The EEOC Stance On LGBT-Related Discrimination


The EEOC recently published a “What You Should Know” document about the agency’s enforcement of existing anti-discrimination protections for LGBT workers, citing recent developments that have piqued interest on the topic. The EEOC also published a companion fact sheet on EEOC litigation developments on Title VII’s coverage of LGBT-related discrimination and a list of federal-sector cases involving transgender persons. Use the QR codes to download the EEOC documents or visit www.eeoc.gov.

From January through September 2013, the EEOC received 667 charges raising allegations of sex discrimination related to sexual orientation and 161 charges alleging sex discrimination based on gender identity/transgender status, according to government data. From October 2013 through June of 2014, the agency received 663 charges alleging sex discrimination related to sexual orientation and 140 charges alleging sex discrimination on the basis of gender identity/transgender status.

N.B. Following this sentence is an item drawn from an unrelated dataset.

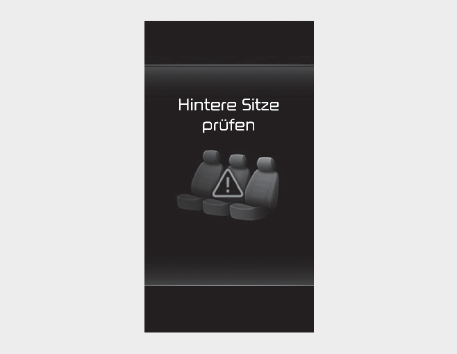 Wenn Sie nach dem Öffnen und Schließen der hinteren Tür und Abschaltung des Motors die Vordertür öffnen, erscheint die Warnmeldung „Hintere Sitze prüfen“ auf dem Kombiinstrument.

The new EEOC publications reveal the agency is committed to pursuing charges that allege discrimination based on transgender status, as well as those filed by lesbian, gay and bisexual individuals that allege sexual-orientation discrimination. Here is a summary of what businesses should expect from the EEOC, according to independent analyses of the agency’s new publications. According to the EEOC:
  • Federal anti-discrimination laws the agency enforces “protect all workers, regardless of sexual orientation or gender identity.”
  • Discrimination against an individual because that person is transgender is a violation of Title VII’s prohibition of sex discrimination in employment.
  • The agency’s district, field and area offices have been instructed “to take and investigate (where appropriate) charges from individuals who believe they have been discriminated against because of transgender status (or because of gender identity or a gender transition).”
  • Lesbian, gay and bisexual individuals may bring valid Title VII sex discrimination claims, and that charges alleging sexual orientation-related discrimination should be accepted. “These allegations might include, for example, claims of sexual harassment or other kinds of sex discrimination, such as adverse actions taken because of the person’s failure to conform to sex-stereotypes,” the EEOC wrote.